__Records to use__:
--

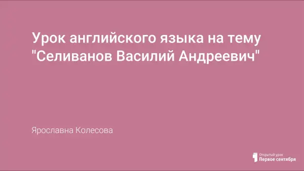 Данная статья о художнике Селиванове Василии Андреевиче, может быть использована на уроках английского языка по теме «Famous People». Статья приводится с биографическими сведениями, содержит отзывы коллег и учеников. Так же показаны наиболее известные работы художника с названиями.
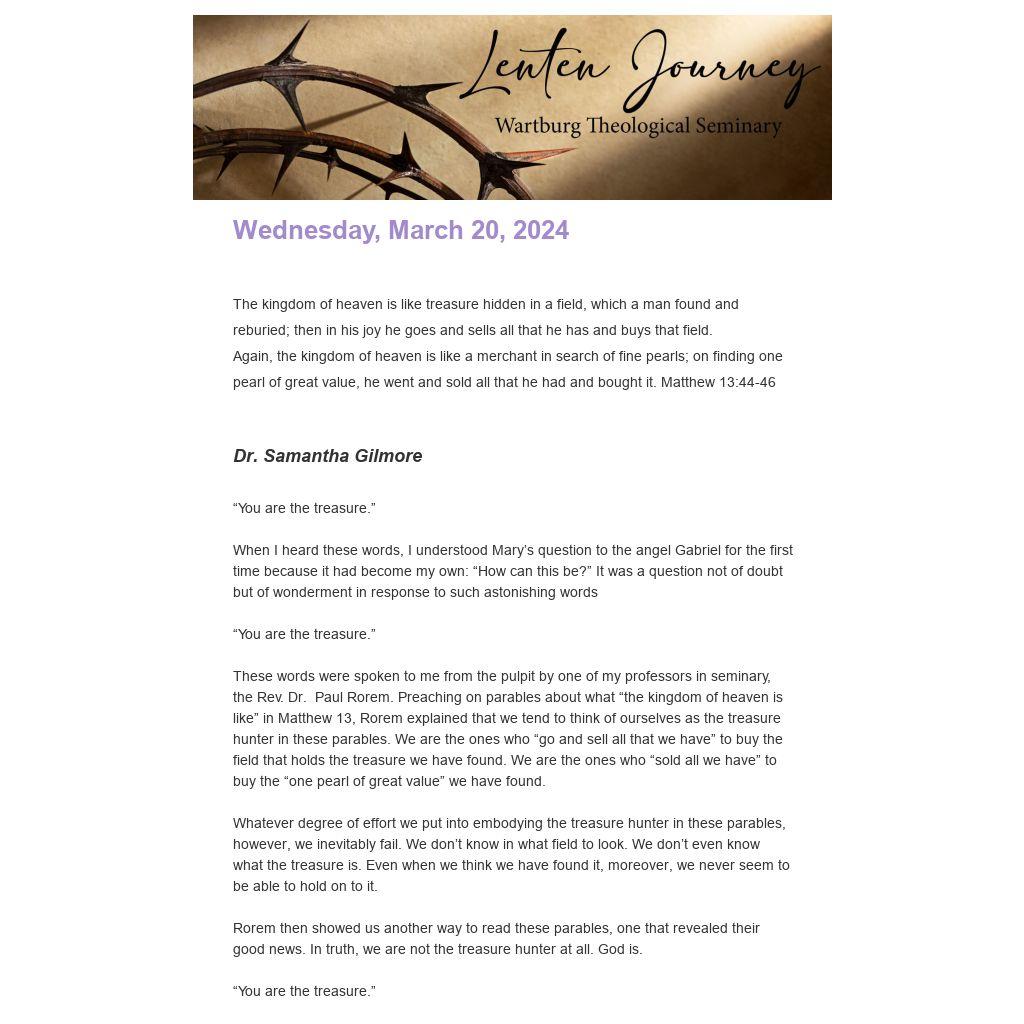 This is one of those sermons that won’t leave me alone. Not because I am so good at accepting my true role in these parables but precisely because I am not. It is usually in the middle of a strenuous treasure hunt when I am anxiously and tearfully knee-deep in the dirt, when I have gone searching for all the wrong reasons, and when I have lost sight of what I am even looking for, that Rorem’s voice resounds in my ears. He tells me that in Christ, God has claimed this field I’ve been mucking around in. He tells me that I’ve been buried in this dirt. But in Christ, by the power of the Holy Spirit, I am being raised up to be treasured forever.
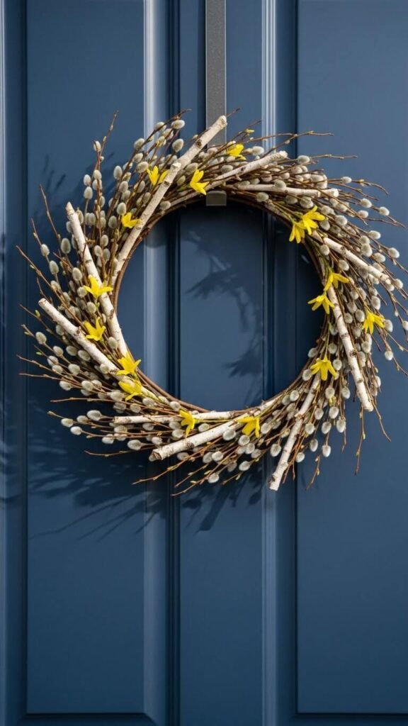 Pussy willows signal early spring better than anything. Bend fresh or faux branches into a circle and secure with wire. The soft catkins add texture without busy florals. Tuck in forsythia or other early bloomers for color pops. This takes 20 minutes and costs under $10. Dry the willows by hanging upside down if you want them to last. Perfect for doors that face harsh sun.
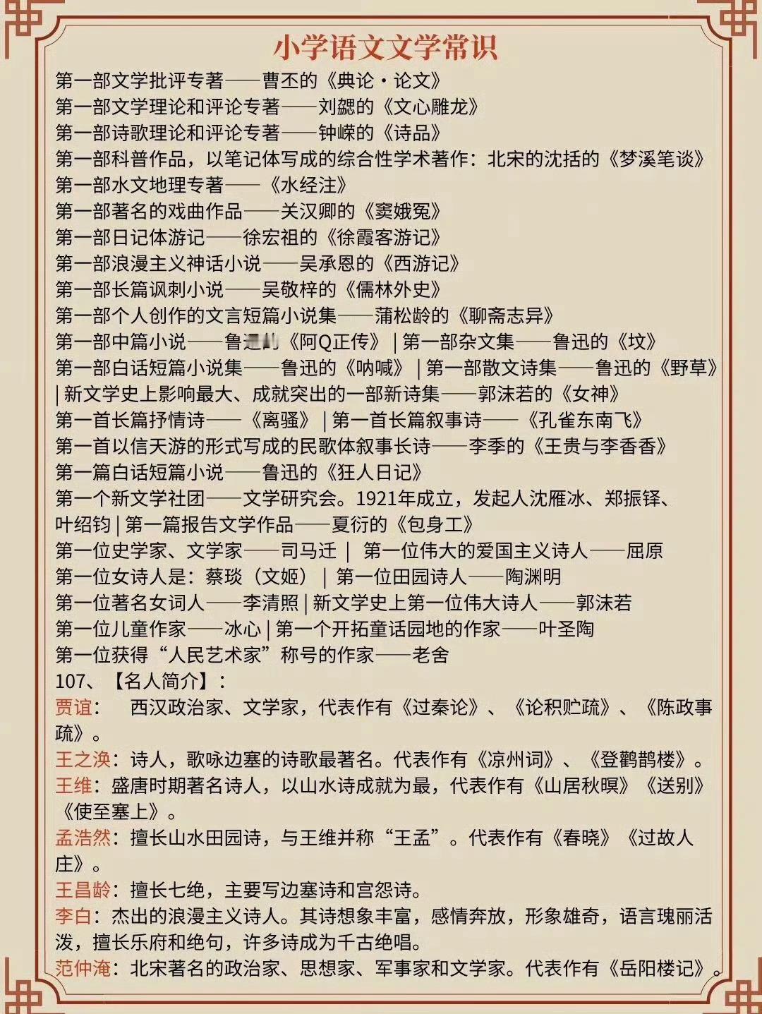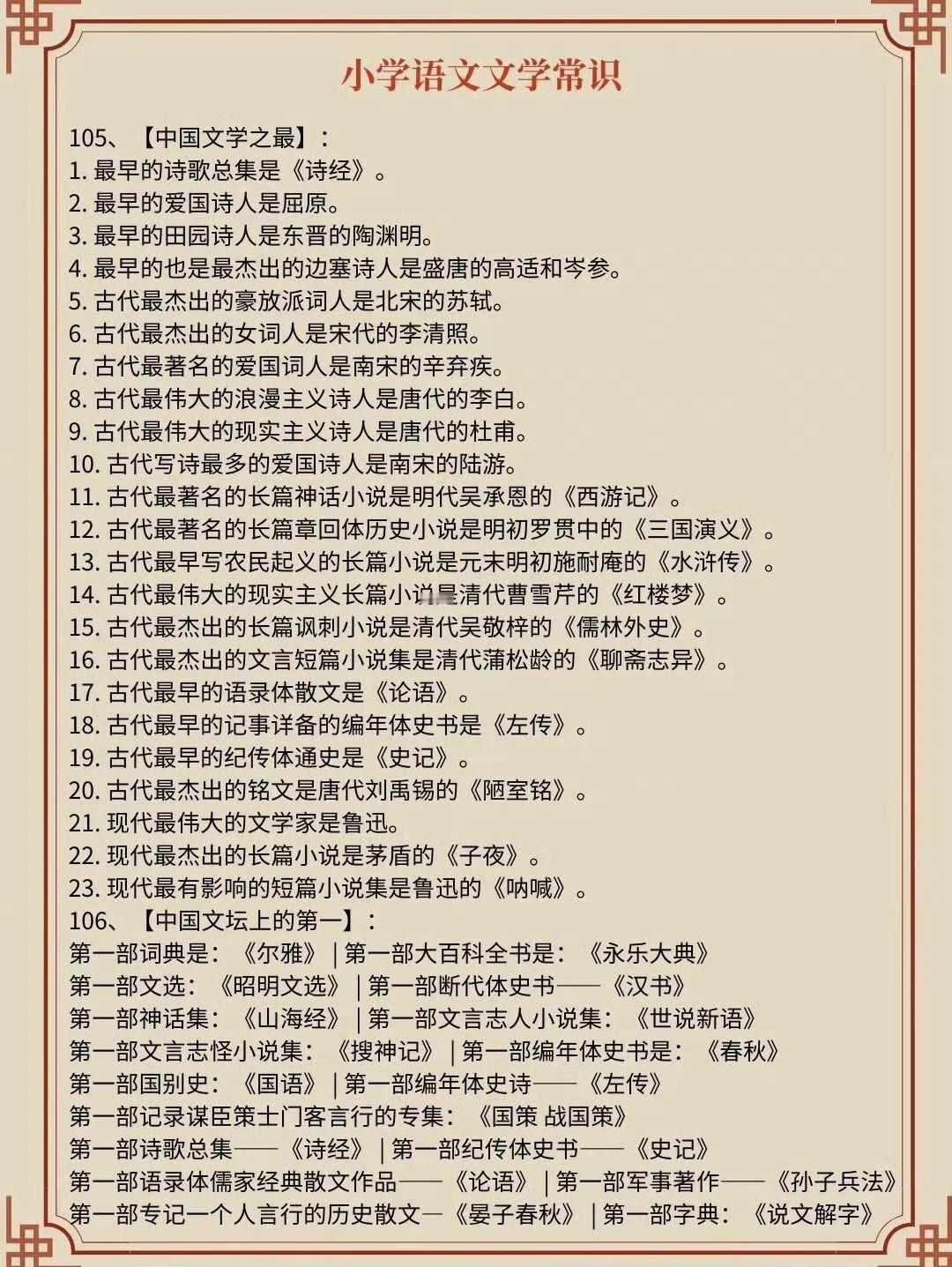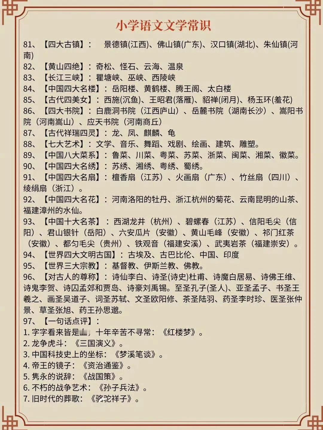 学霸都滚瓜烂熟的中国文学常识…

--

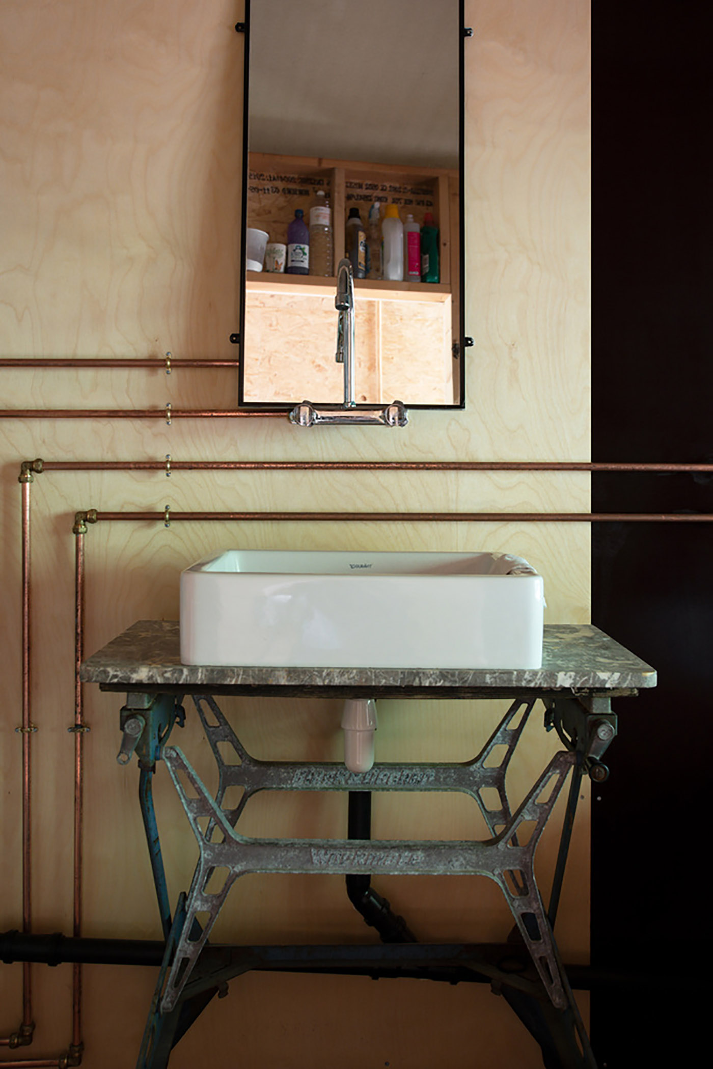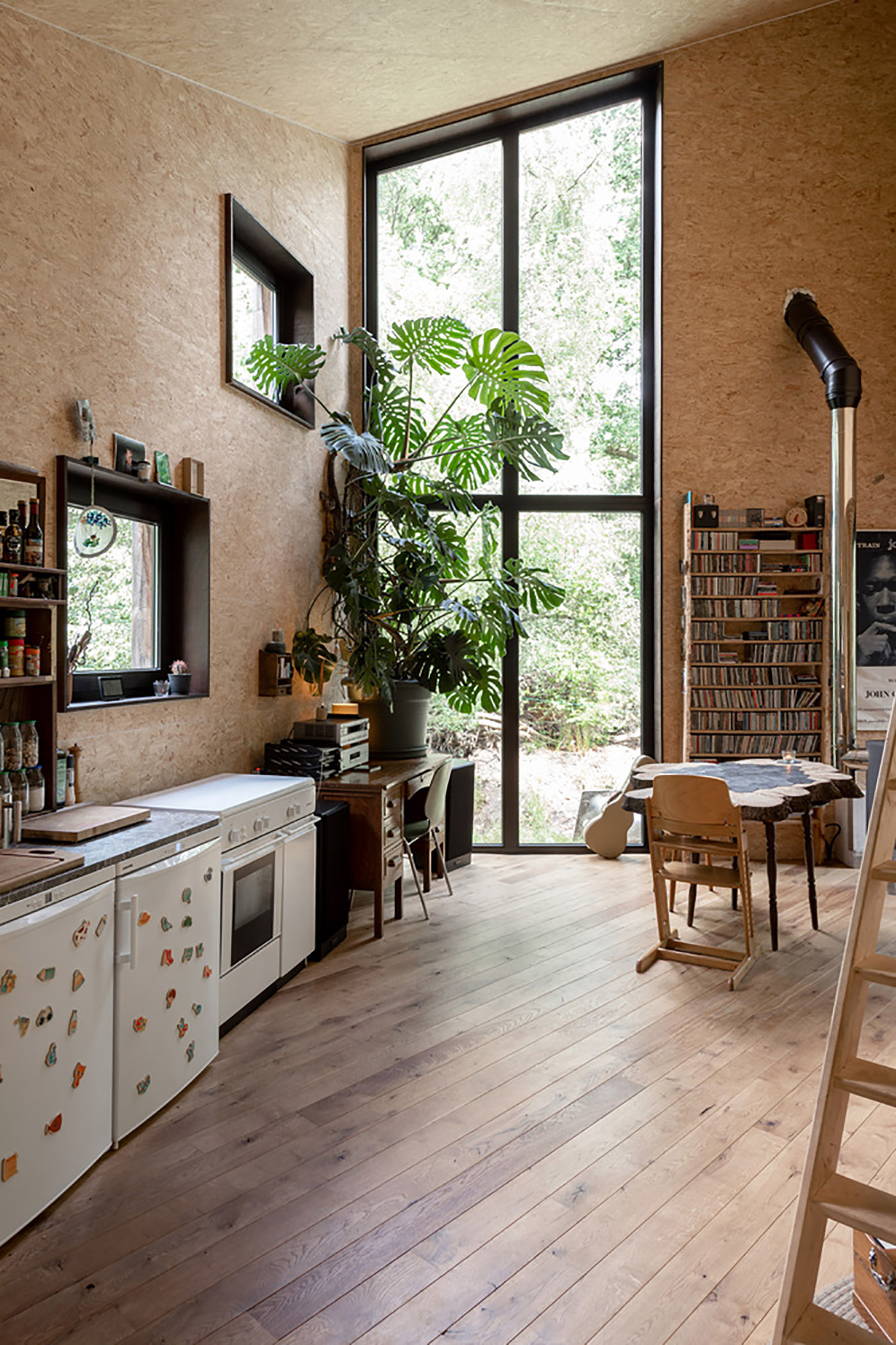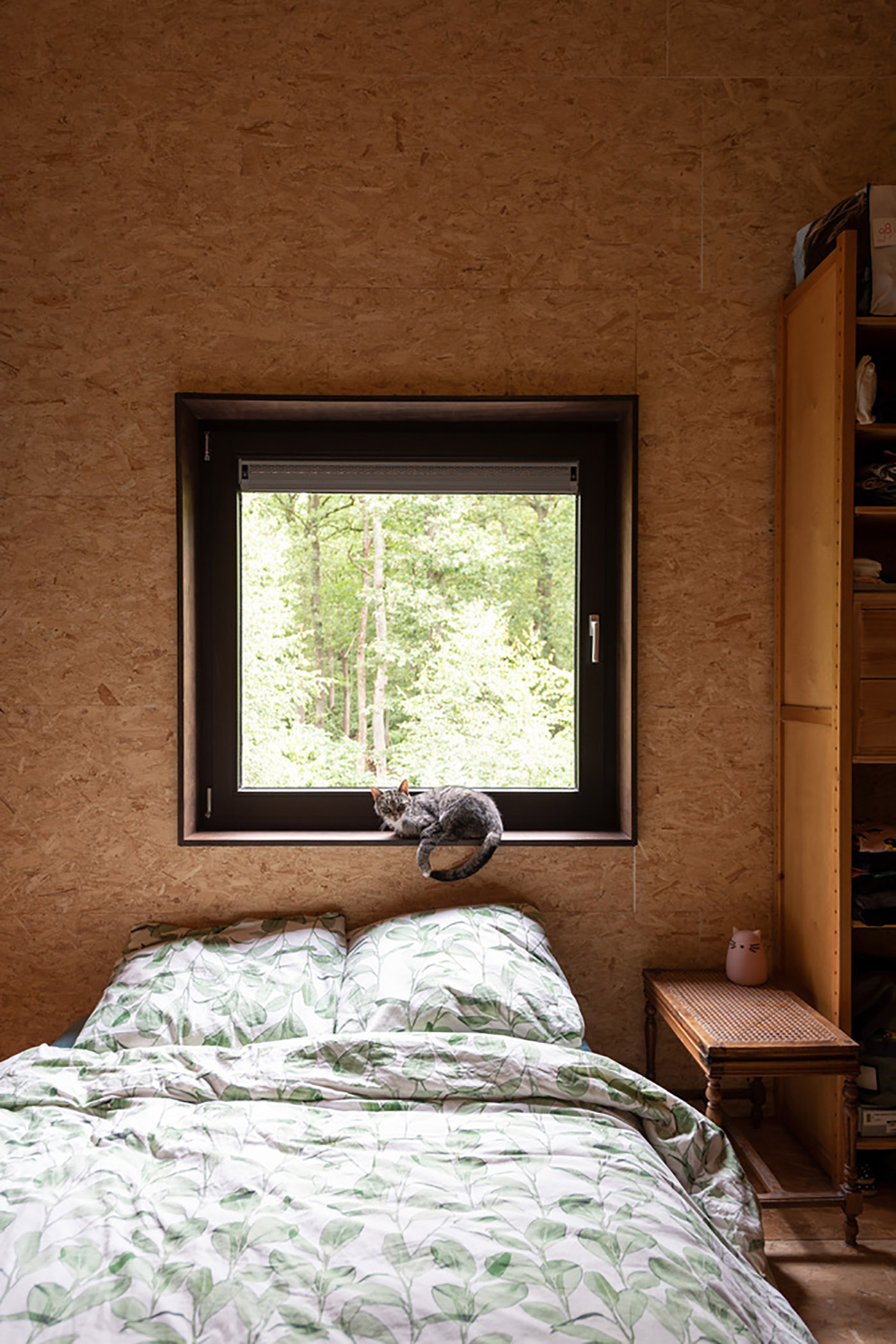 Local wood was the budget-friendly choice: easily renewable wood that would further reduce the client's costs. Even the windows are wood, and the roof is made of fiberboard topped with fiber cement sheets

--

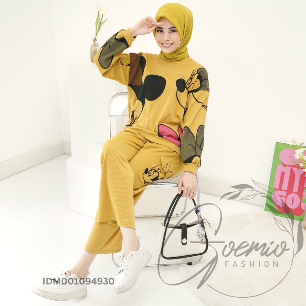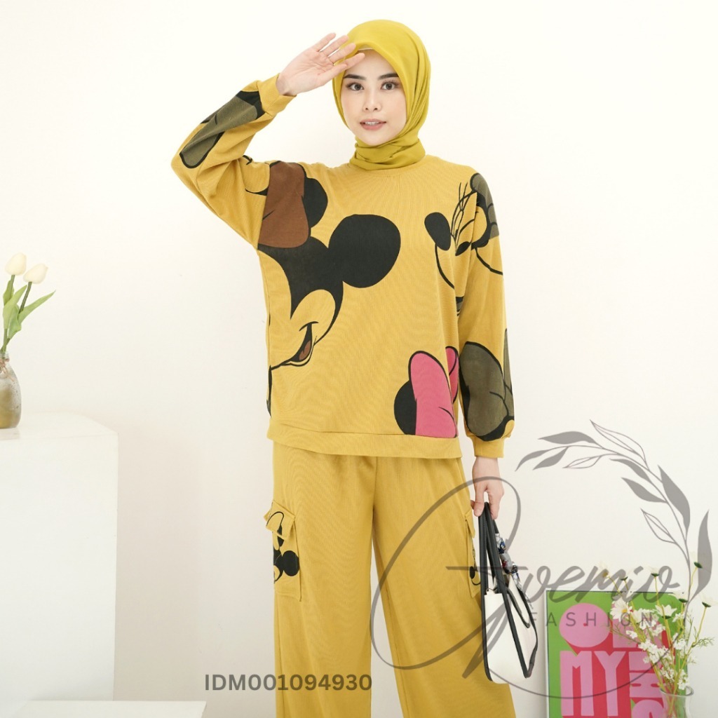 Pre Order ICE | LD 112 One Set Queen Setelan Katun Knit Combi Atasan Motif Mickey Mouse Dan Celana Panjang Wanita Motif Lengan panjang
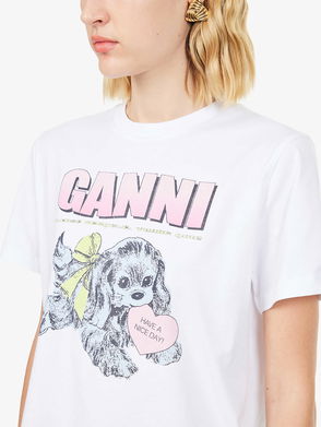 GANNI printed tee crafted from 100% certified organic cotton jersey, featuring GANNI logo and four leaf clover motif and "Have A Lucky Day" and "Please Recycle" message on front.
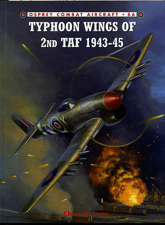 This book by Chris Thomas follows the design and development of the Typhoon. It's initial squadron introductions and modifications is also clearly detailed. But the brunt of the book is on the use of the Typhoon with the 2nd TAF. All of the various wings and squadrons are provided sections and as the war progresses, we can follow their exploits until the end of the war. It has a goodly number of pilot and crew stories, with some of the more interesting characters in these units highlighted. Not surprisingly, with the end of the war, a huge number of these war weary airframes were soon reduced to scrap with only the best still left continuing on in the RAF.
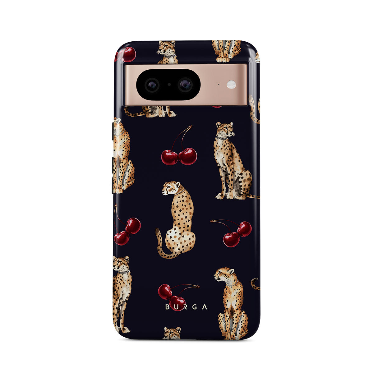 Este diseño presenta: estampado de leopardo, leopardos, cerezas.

--

__What this task involves__:
Reproduce exactly the lines of the data above that run from the line with "Pussy willows signal" down to the line with "学霸都滚瓜烂熟的中国文学常识…", both ends included. Pictures do not belong in the copy.

__Written response__:
 Pussy willows signal early spring better than anything. Bend fresh or faux branches into a circle and secure with wire. The soft catkins add texture without busy florals. Tuck in forsythia or other early bloomers for color pops. This takes 20 minutes and costs under $10. Dry the willows by hanging upside down if you want them to last. Perfect for doors that face harsh sun.
 学霸都滚瓜烂熟的中国文学常识…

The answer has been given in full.